Dataset records:
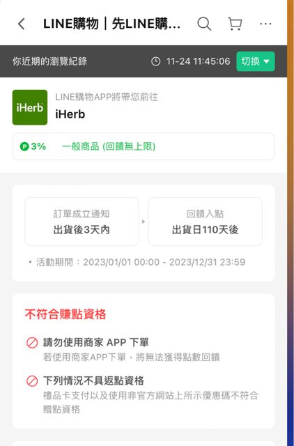 2 下單記得開LINE購物APP,LINE購物導購,可以獲得3% Line點 https://i.imgur.com/Sb1gLPs.jpg
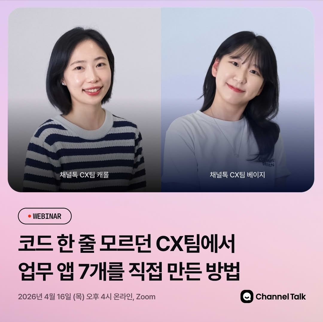 마침 4월 16일에 <CX팀이 AI로 성과를 만드는 방법> 웨비나가 진행됩니다. 내일 당장 우리 팀에 적용할 수 있는 진짜 현장의 AI이야기가 궁금하시다면, 신청해주세요.
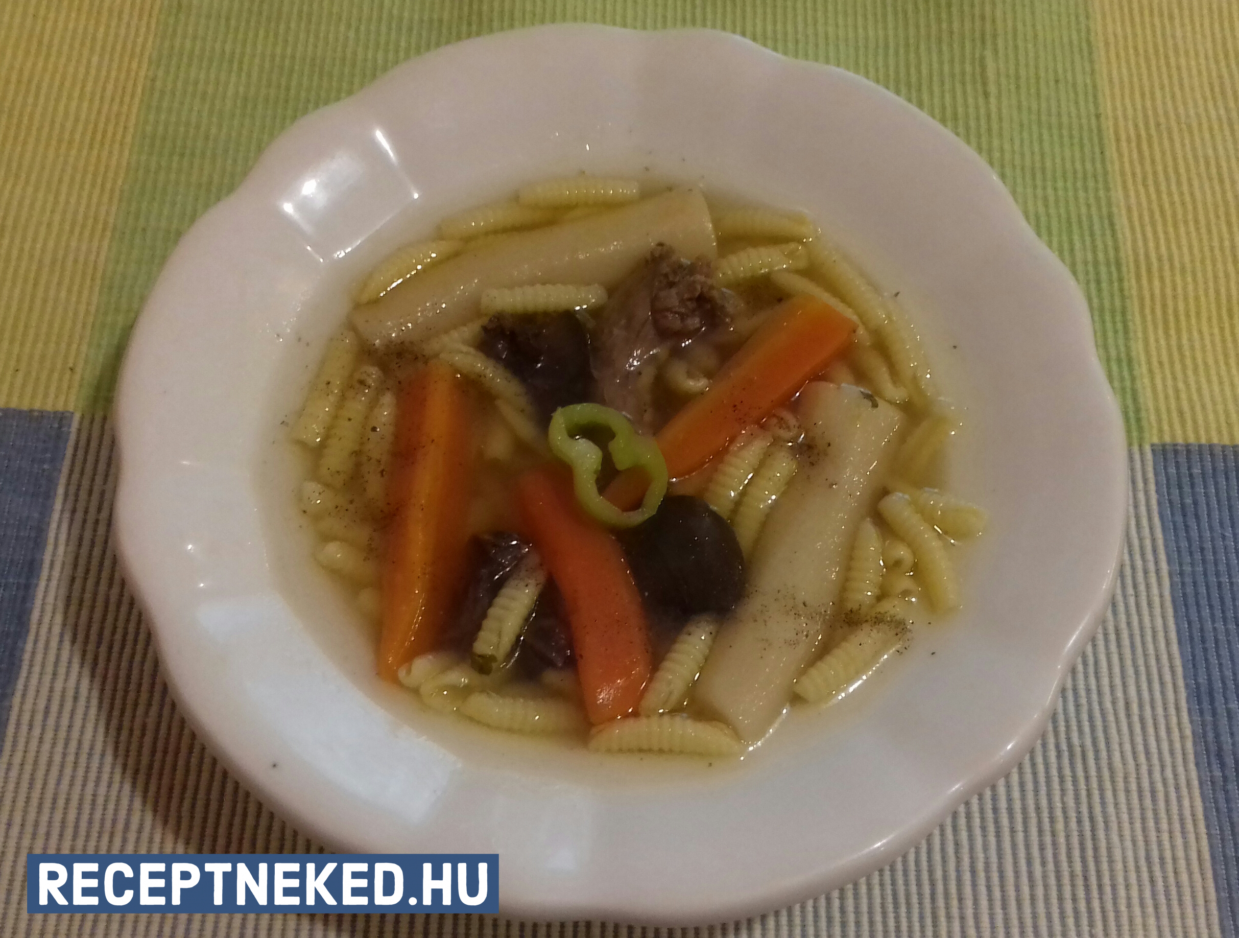 Öntsük fel annyi folyadékkal, amely kényelmesen ellepi. Adjuk hozzá a fűszereket és gyöngyözve főzzük, ameddig a hús meg nem puhul (kb 1-1,5 óra). Közben ügyeljünk a leves sósságára.
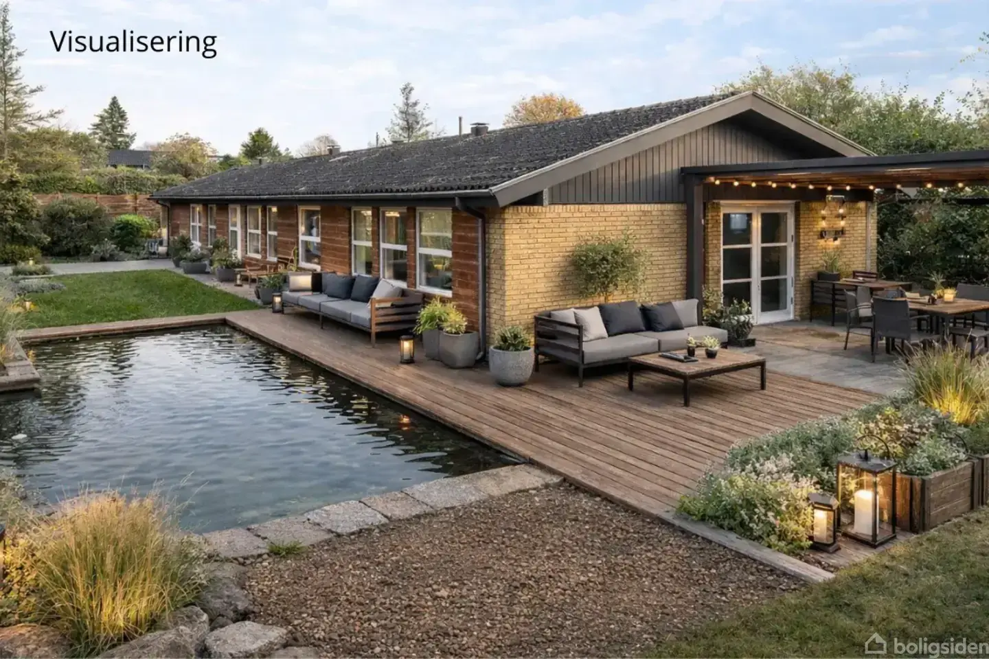 Unik villa med privat badesø og to boligenheder – Engstien 2A, Dragør Velkommen til Engstien 2A – en bolig ud over det sædvanlige. Her får I en charmerende og velholdt villa med to selvstændige boligenheder og noget så sjældent som Dragørs eneste private badesø. Søen fungerer som en naturlig pool, renses biologisk og er anlagt i et elegant, firkantet design – et eksklusivt udendørs element, der giver både æstetik og badeglæde året rundt. Hovedboligen byder på en stor, åben planløsning med stue
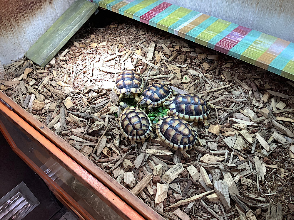 生体の1個体ずつ掲載終了。2026年からはこのようにグループ掲載にしていくので、気になる個体がいたらご来店予約を入れてお店まで見に来てくれ。上にあるのがマルギナータ君たちのルーティン。13時30分~15時までのエサやり時間は多忙を極める。できるだけ避けてご来店予約を入れてくれ。だが、エサを食べている姿を見たいという客人も多いだろう。この時間にご来店希望の場合はエサやりを手伝ってもらうかもしれん(;’∀’) 強制労働ではない、むしろお子様は大喜びでエサやりを楽しめるだろう。当HPのリクガメの飼育方法では1日のリクガメ君の生活しか公開していない。このような飼育を実現するための本質的な技術は店頭でオレ様大王に聞いてくれ。リクガメの飼育設備を揃えてない人はかめぢから飼育セットがお勧めだ。セッティングまで頼んでオーダーしよう。当店以外で飼育設備を揃え、初会ご利用の客人にはご来店予約時に準備している飼育環境の写真を送っていただく。では、よろしく頼む。
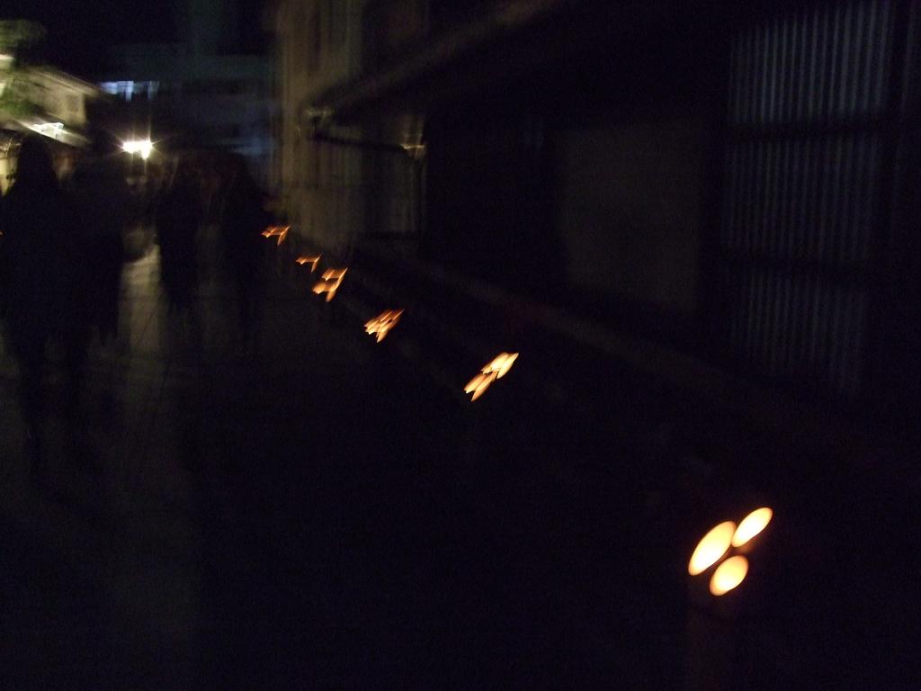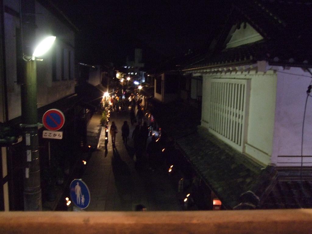 この週末、竹原では保存地区内の路沿いに竹の器にロウソクを入れた灯りを並べ、
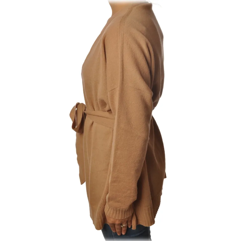 Twinset – Long Cardigan with Belt – Camel – Knitwear – Made in Italy – Luxury Exclusive Collection
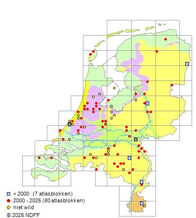 Het aantal atlasblokken (5x5 km) waarin de soort is gemeld binnen een periode van vijf jaar (vanaf 1980) of twintig jaar. Niet gecorrigeerd voor waarnemersinspanning en het aantal doorgegeven waarnemingen kan sterk variëren per periode, dus een trend in verspreiding kan hier niet direct uit worden afgelezen. Het opgegeven jaartal is het eerste jaar van de periode. Bron: gevalideerde waarnemingen uit de NDFF.
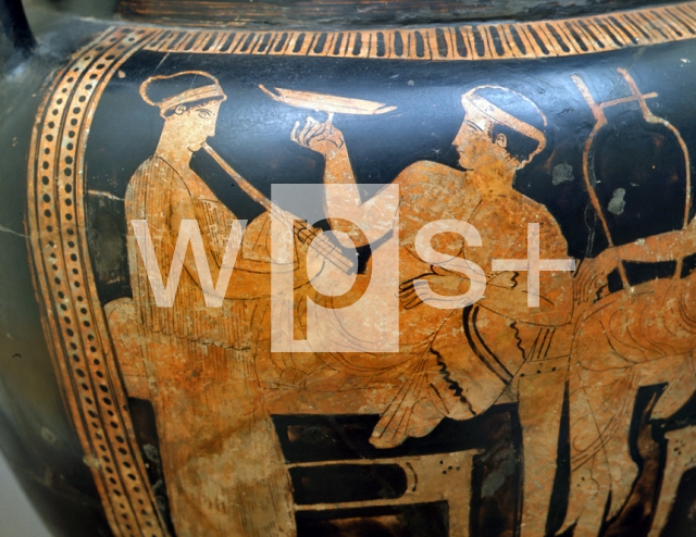 カテゴリ: 古代美術 タグ: 古代美術 音楽 ギリシア美術 クラテル 宴会 オレステス 国立考古美術館(パレルモ) 容器 アウロス 笛 キウジ 紀元前480年 杯 アッティカ
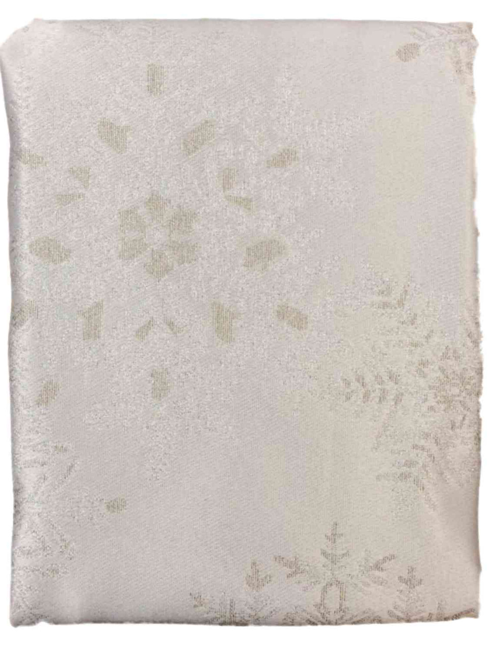 - Holiday Ivory Tablecloth With Glittering Snowflakes, Fabric Table Cloth 60x84 Ob
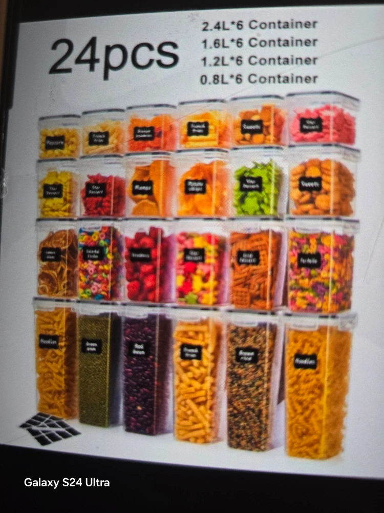 1 reviewSelling a brand new set of 24 food storage containers. The set includes 6 containers each of the following sizes: 2.4L, 1.6L, 1.2L, and 0.8L. Perfect for organising your kitchen and keeping your food fresh!
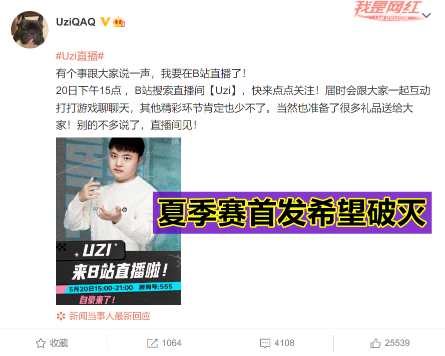 然而就在前不久,BLG就宣布Uzi加入了B站直播,当时这一个消息几乎让所有人都认为,Uzi夏季赛应该是能够首发了,毕竟BLG不光签下了Uzi,还拿到了Uzi的直播。
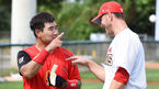 [OSEN=베로비치(미국 플로리다주),박준형 기자] SK 와이번스가 20일(한국시간) 미국 플로리다 베로비치 재키 로빈슨 트레이닝 컴플렉스에서 2020 스프링캠프 훈련을 가졌다.SK 이재원 포수가 킹엄과 악수를 나누고 있다. / soul1014@osen
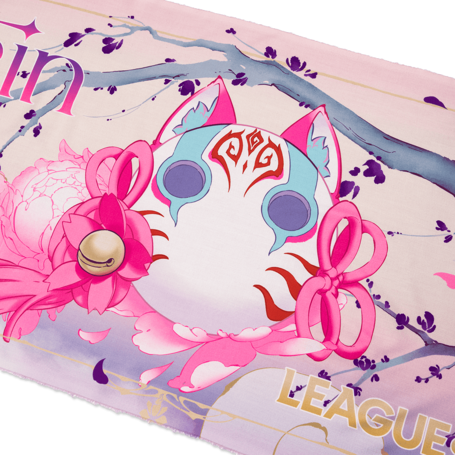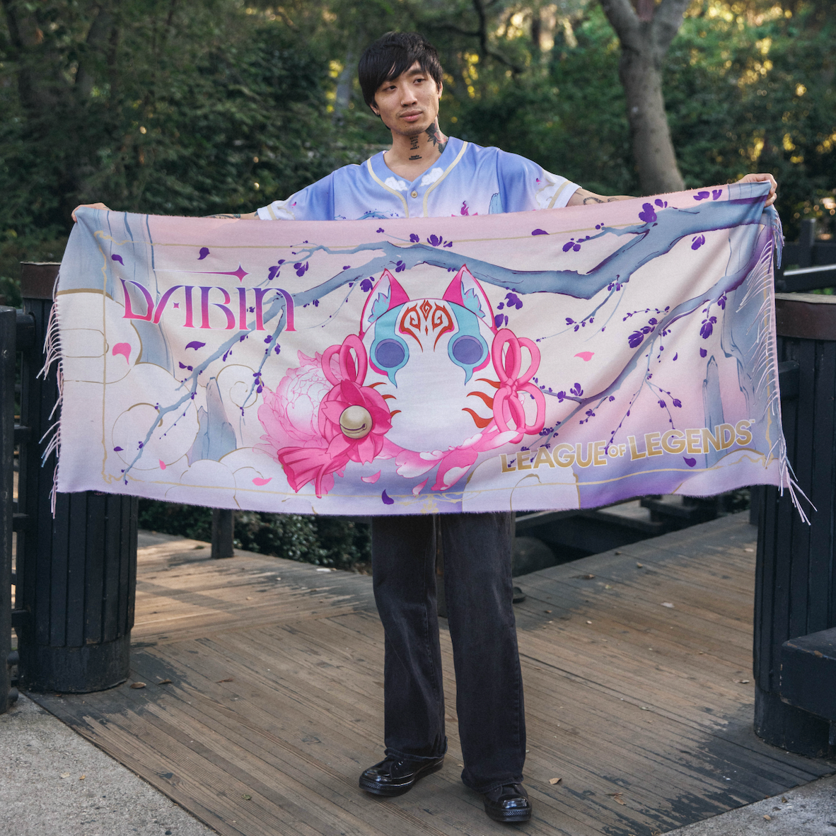 This pashmina features a fully custom illustration of a Dabin Harold mask rendition in the style of Spirit Blossom, along with Dabin and League of Legends logos.
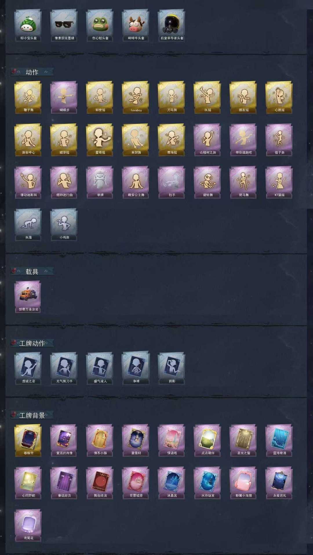 装备描述:因二级密码缘故【每单结束自动售出所有装备】 以保证每个宝子都有铲铲币使用 超自然出租认准【凡凡】 左下角收藏 享受不定时巨大优/惠折扣 【恶意撤单恶意使用铲铲币全平台拉黑】 全图鉴(限定的全有)【万圣节车皮】 1幻梦 6金耀世,所有池子满抽 S1/2/3/4/5/6赛季豪华【全道具皮肤】 有新皮肤马..上就会补 凡凡祝宝子们玩的开心~
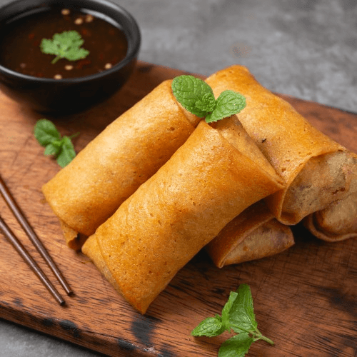 Vegetable stuffed rolls , deep fried to crisp. Served with sweet chili sauce
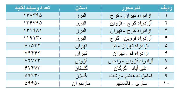 تردد انواع تریلر و کامیون در ساعات و تاریخ‌های ذیل در این محور‌ها ممنوع است:
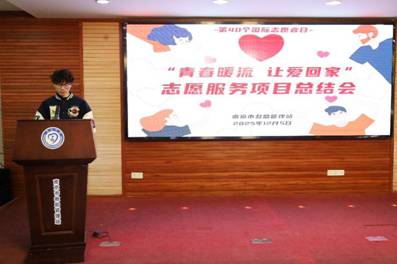 王莹在团队发言中,系统总结了普爱社与南京市救助管理站的合作模式与服务成效。她感谢救助站为志愿者提供的实践平台与专业指导,并且表示,未来社团将继续秉持“用青春暖流温暖更多人的归途”的初心,推动志愿服务在实践中“生根发芽、薪火相传”。
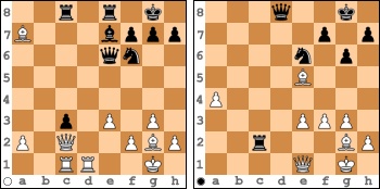 Die Entscheidung fiel nach weiteren Fehlern kurz vor der Zeitkontrolle im rechten Diagramm: 38. ... Dc8 39. Lf1 Sg5 40. Dd1 Td2 erzwang die Aufgabe von Weiß.
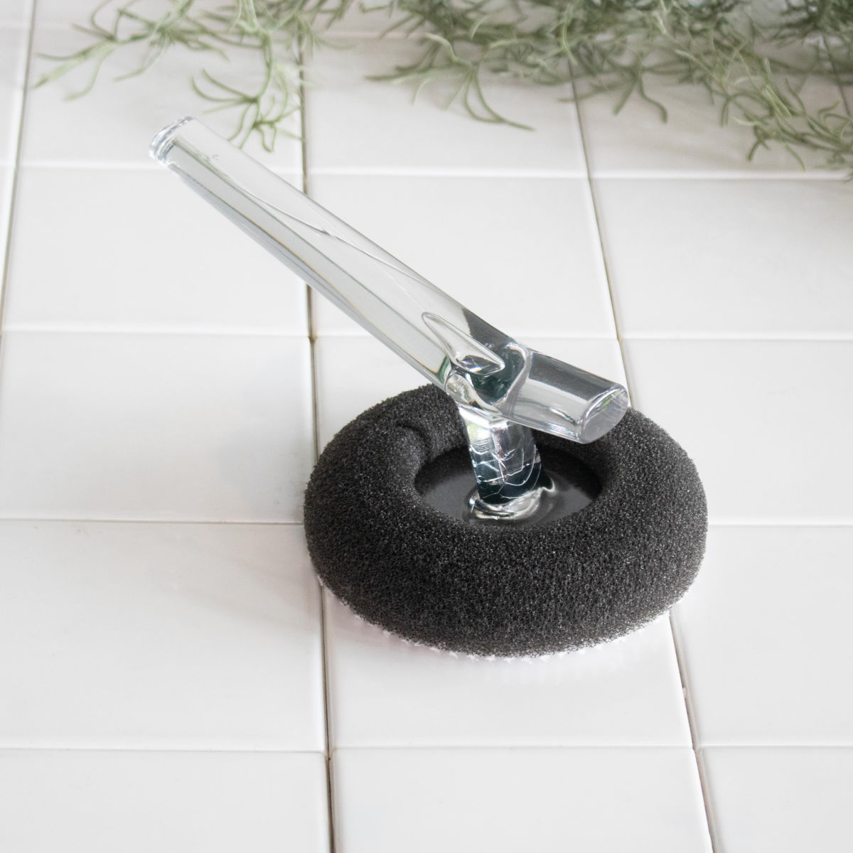 クリアな柄が特徴的なハンディタイプのバスタブ掃除用のスポンジです。使わないときはそのまま置いときたくなるような、シンプルでスタイリッシュなデザイン。握りやすく力の入りやすい形状のハンドルで、デザイン性と機能面を兼ね備えたお掃除アイテムです。

#### Required action:
If an entry above holds a picture, leave that picture out and print the rest exactly.

#### Output for this exercise:
 2 下單記得開LINE購物APP,LINE購物導購,可以獲得3% Line點 https://i.imgur.com/Sb1gLPs.jpg
 마침 4월 16일에 <CX팀이 AI로 성과를 만드는 방법> 웨비나가 진행됩니다. 내일 당장 우리 팀에 적용할 수 있는 진짜 현장의 AI이야기가 궁금하시다면, 신청해주세요.
 Öntsük fel annyi folyadékkal, amely kényelmesen ellepi. Adjuk hozzá a fűszereket és gyöngyözve főzzük, ameddig a hús meg nem puhul (kb 1-1,5 óra). Közben ügyeljünk a leves sósságára.
 Unik villa med privat badesø og to boligenheder – Engstien 2A, Dragør Velkommen til Engstien 2A – en bolig ud over det sædvanlige. Her får I en charmerende og velholdt villa med to selvstændige boligenheder og noget så sjældent som Dragørs eneste private badesø. Søen fungerer som en naturlig pool, renses biologisk og er anlagt i et elegant, firkantet design – et eksklusivt udendørs element, der giver både æstetik og badeglæde året rundt. Hovedboligen byder på en stor, åben planløsning med stue
 生体の1個体ずつ掲載終了。2026年からはこのようにグループ掲載にしていくので、気になる個体がいたらご来店予約を入れてお店まで見に来てくれ。上にあるのがマルギナータ君たちのルーティン。13時30分~15時までのエサやり時間は多忙を極める。できるだけ避けてご来店予約を入れてくれ。だが、エサを食べている姿を見たいという客人も多いだろう。この時間にご来店希望の場合はエサやりを手伝ってもらうかもしれん(;’∀’) 強制労働ではない、むしろお子様は大喜びでエサやりを楽しめるだろう。当HPのリクガメの飼育方法では1日のリクガメ君の生活しか公開していない。このような飼育を実現するための本質的な技術は店頭でオレ様大王に聞いてくれ。リクガメの飼育設備を揃えてない人はかめぢから飼育セットがお勧めだ。セッティングまで頼んでオーダーしよう。当店以外で飼育設備を揃え、初会ご利用の客人にはご来店予約時に準備している飼育環境の写真を送っていただく。では、よろしく頼む。
 この週末、竹原では保存地区内の路沿いに竹の器にロウソクを入れた灯りを並べ、
 Twinset – Long Cardigan with Belt – Camel – Knitwear – Made in Italy – Luxury Exclusive Collection
 Het aantal atlasblokken (5x5 km) waarin de soort is gemeld binnen een periode van vijf jaar (vanaf 1980) of twintig jaar. Niet gecorrigeerd voor waarnemersinspanning en het aantal doorgegeven waarnemingen kan sterk variëren per periode, dus een trend in verspreiding kan hier niet direct uit worden afgelezen. Het opgegeven jaartal is het eerste jaar van de periode. Bron: gevalideerde waarnemingen uit de NDFF.
 カテゴリ: 古代美術 タグ: 古代美術 音楽 ギリシア美術 クラテル 宴会 オレステス 国立考古美術館(パレルモ) 容器 アウロス 笛 キウジ 紀元前480年 杯 アッティカ
 - Holiday Ivory Tablecloth With Glittering Snowflakes, Fabric Table Cloth 60x84 Ob
 1 reviewSelling a brand new set of 24 food storage containers. The set includes 6 containers each of the following sizes: 2.4L, 1.6L, 1.2L, and 0.8L. Perfect for organising your kitchen and keeping your food fresh!
 然而就在前不久,BLG就宣布Uzi加入了B站直播,当时这一个消息几乎让所有人都认为,Uzi夏季赛应该是能够首发了,毕竟BLG不光签下了Uzi,还拿到了Uzi的直播。
 [OSEN=베로비치(미국 플로리다주),박준형 기자] SK 와이번스가 20일(한국시간) 미국 플로리다 베로비치 재키 로빈슨 트레이닝 컴플렉스에서 2020 스프링캠프 훈련을 가졌다.SK 이재원 포수가 킹엄과 악수를 나누고 있다. / soul1014@osen
 This pashmina features a fully custom illustration of a Dabin Harold mask rendition in the style of Spirit Blossom, along with Dabin and League of Legends logos.
 装备描述:因二级密码缘故【每单结束自动售出所有装备】 以保证每个宝子都有铲铲币使用 超自然出租认准【凡凡】 左下角收藏 享受不定时巨大优/惠折扣 【恶意撤单恶意使用铲铲币全平台拉黑】 全图鉴(限定的全有)【万圣节车皮】 1幻梦 6金耀世,所有池子满抽 S1/2/3/4/5/6赛季豪华【全道具皮肤】 有新皮肤马..上就会补 凡凡祝宝子们玩的开心~
 Vegetable stuffed rolls , deep fried to crisp. Served with sweet chili sauce
 تردد انواع تریلر و کامیون در ساعات و تاریخ‌های ذیل در این محور‌ها ممنوع است:
 王莹在团队发言中,系统总结了普爱社与南京市救助管理站的合作模式与服务成效。她感谢救助站为志愿者提供的实践平台与专业指导,并且表示,未来社团将继续秉持“用青春暖流温暖更多人的归途”的初心,推动志愿服务在实践中“生根发芽、薪火相传”。
 Die Entscheidung fiel nach weiteren Fehlern kurz vor der Zeitkontrolle im rechten Diagramm: 38. ... Dc8 39. Lf1 Sg5 40. Dd1 Td2 erzwang die Aufgabe von Weiß.
 クリアな柄が特徴的なハンディタイプのバスタブ掃除用のスポンジです。使わないときはそのまま置いときたくなるような、シンプルでスタイリッシュなデザイン。握りやすく力の入りやすい形状のハンドルで、デザイン性と機能面を兼ね備えたお掃除アイテムです。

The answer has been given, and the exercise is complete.